▸ **Exercise prompt**
Once the line with "In the first" is found in the entries below, repeat it and each following line exactly, up to and including the line with "- Technologie: Aplikace". Add no other lines.

▸ **The data**
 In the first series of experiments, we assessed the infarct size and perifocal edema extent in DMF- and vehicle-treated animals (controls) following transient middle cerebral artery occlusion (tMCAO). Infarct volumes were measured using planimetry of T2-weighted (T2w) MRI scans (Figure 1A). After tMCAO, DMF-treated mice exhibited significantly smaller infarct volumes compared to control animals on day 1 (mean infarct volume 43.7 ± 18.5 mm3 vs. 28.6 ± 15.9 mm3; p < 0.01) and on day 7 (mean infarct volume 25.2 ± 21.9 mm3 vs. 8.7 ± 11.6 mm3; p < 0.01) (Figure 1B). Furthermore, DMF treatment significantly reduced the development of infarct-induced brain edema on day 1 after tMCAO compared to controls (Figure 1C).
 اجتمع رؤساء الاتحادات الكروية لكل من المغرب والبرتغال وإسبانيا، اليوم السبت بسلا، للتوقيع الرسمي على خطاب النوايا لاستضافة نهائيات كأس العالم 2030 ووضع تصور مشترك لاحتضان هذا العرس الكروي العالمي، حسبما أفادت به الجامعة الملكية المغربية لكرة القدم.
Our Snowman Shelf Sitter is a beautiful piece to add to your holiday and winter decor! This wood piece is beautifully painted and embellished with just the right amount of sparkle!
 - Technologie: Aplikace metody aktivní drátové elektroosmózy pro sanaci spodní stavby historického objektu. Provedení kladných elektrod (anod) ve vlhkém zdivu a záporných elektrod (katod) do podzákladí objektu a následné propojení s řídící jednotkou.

...

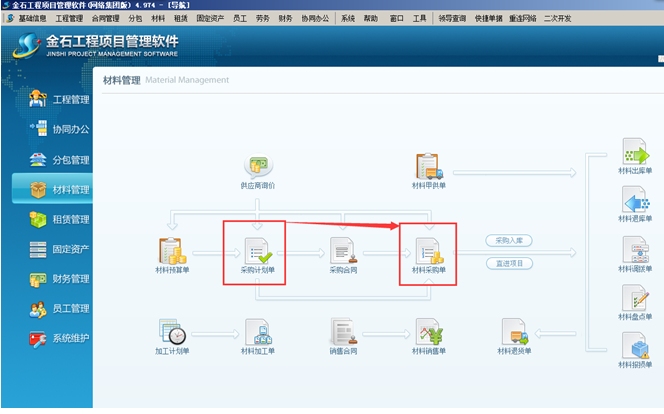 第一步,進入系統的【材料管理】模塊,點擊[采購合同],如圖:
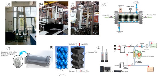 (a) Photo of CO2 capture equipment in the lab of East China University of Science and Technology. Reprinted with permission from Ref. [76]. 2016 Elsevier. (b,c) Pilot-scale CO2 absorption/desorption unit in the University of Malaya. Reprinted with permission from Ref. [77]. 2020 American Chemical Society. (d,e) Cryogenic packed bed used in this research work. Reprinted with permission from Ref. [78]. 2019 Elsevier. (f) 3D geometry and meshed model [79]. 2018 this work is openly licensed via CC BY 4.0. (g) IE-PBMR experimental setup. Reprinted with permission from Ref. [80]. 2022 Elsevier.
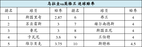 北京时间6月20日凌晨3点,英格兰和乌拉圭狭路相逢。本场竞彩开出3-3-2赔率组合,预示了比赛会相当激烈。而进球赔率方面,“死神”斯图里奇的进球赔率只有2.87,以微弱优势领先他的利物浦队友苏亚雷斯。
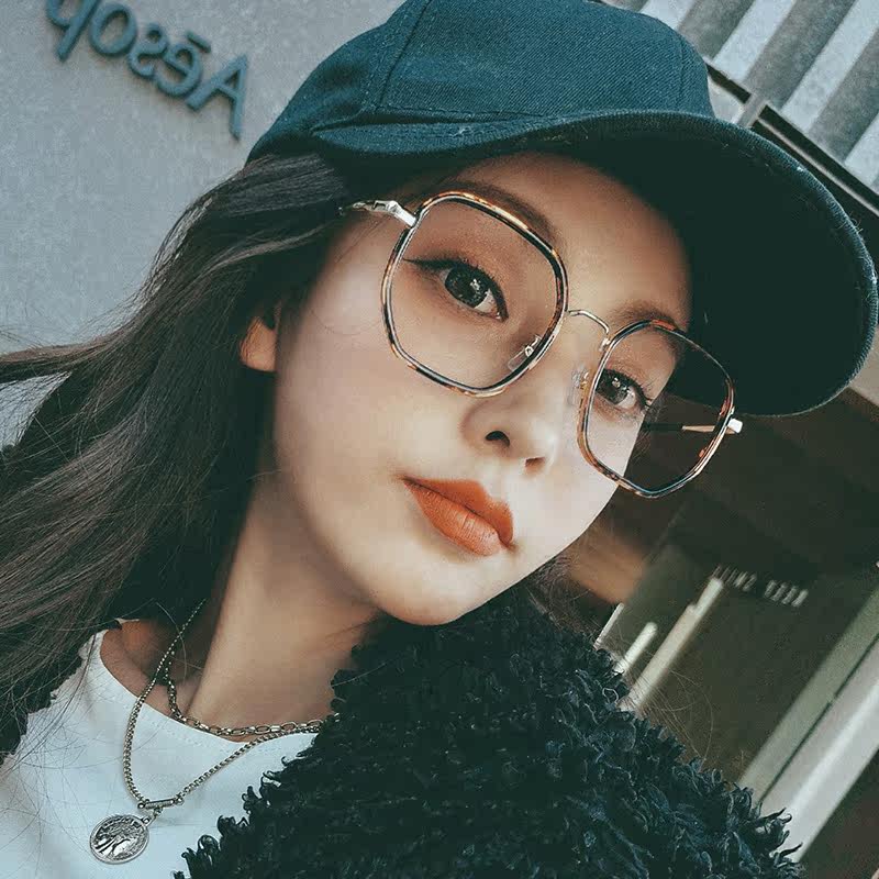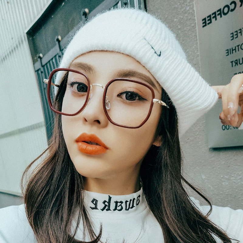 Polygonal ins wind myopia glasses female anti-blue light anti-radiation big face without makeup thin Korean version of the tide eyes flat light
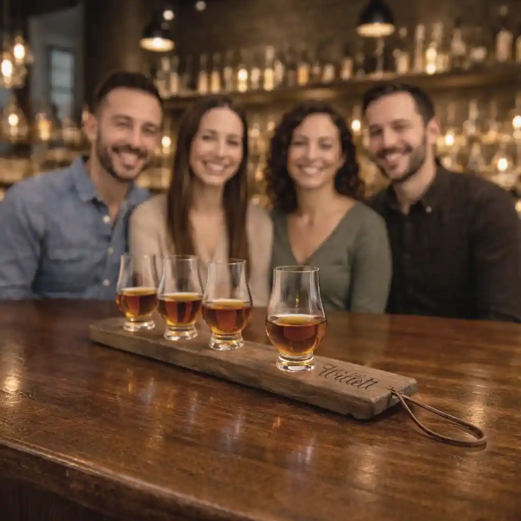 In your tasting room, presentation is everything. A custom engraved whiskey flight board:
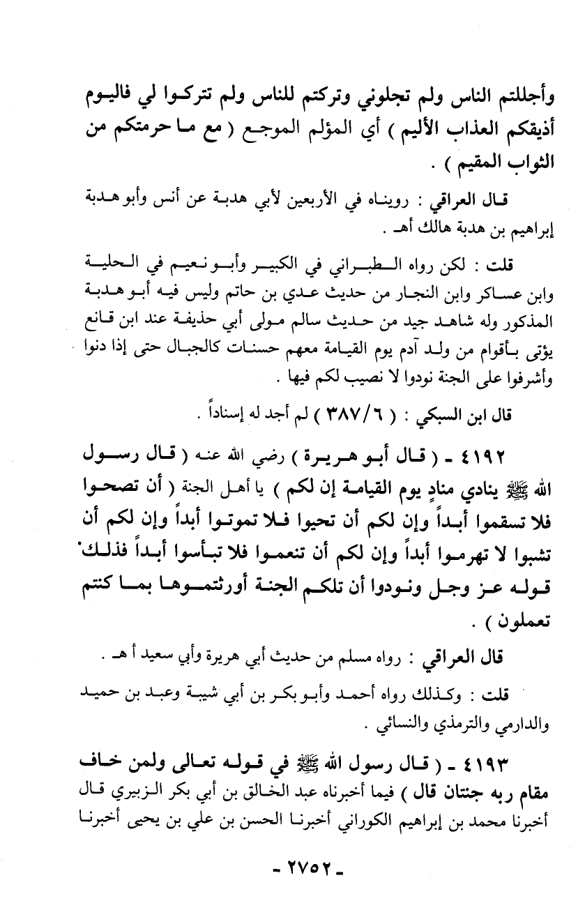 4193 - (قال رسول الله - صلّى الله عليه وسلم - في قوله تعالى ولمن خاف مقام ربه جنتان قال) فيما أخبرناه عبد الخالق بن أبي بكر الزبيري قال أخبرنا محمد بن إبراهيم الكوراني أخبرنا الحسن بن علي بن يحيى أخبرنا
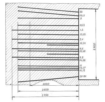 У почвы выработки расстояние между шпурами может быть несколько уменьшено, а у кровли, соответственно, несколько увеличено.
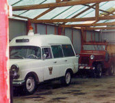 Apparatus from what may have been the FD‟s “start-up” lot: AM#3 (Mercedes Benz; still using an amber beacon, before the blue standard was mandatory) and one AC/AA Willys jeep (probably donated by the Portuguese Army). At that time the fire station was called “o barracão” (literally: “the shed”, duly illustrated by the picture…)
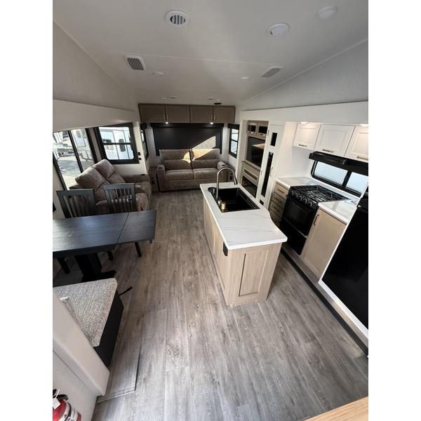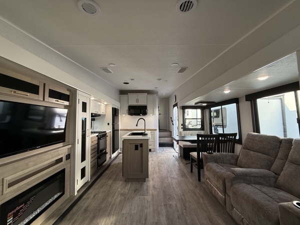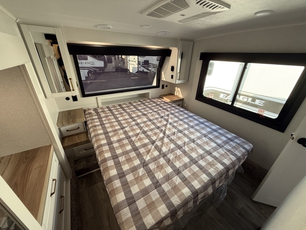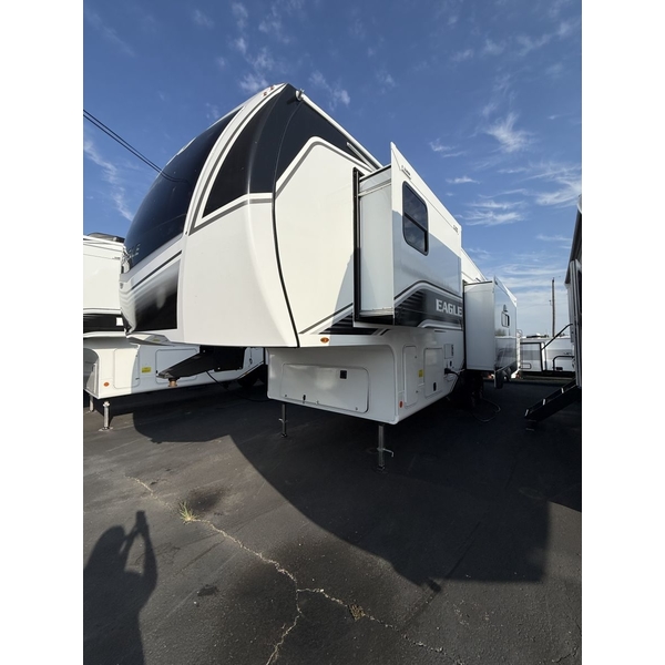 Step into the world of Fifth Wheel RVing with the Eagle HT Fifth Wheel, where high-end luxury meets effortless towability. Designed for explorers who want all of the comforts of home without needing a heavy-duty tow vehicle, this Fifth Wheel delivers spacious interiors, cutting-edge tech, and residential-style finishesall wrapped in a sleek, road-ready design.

▸ **Output below**
 In the first series of experiments, we assessed the infarct size and perifocal edema extent in DMF- and vehicle-treated animals (controls) following transient middle cerebral artery occlusion (tMCAO). Infarct volumes were measured using planimetry of T2-weighted (T2w) MRI scans (Figure 1A). After tMCAO, DMF-treated mice exhibited significantly smaller infarct volumes compared to control animals on day 1 (mean infarct volume 43.7 ± 18.5 mm3 vs. 28.6 ± 15.9 mm3; p < 0.01) and on day 7 (mean infarct volume 25.2 ± 21.9 mm3 vs. 8.7 ± 11.6 mm3; p < 0.01) (Figure 1B). Furthermore, DMF treatment significantly reduced the development of infarct-induced brain edema on day 1 after tMCAO compared to controls (Figure 1C).
 اجتمع رؤساء الاتحادات الكروية لكل من المغرب والبرتغال وإسبانيا، اليوم السبت بسلا، للتوقيع الرسمي على خطاب النوايا لاستضافة نهائيات كأس العالم 2030 ووضع تصور مشترك لاحتضان هذا العرس الكروي العالمي، حسبما أفادت به الجامعة الملكية المغربية لكرة القدم.
Our Snowman Shelf Sitter is a beautiful piece to add to your holiday and winter decor! This wood piece is beautifully painted and embellished with just the right amount of sparkle!
 - Technologie: Aplikace metody aktivní drátové elektroosmózy pro sanaci spodní stavby historického objektu. Provedení kladných elektrod (anod) ve vlhkém zdivu a záporných elektrod (katod) do podzákladí objektu a následné propojení s řídící jednotkou.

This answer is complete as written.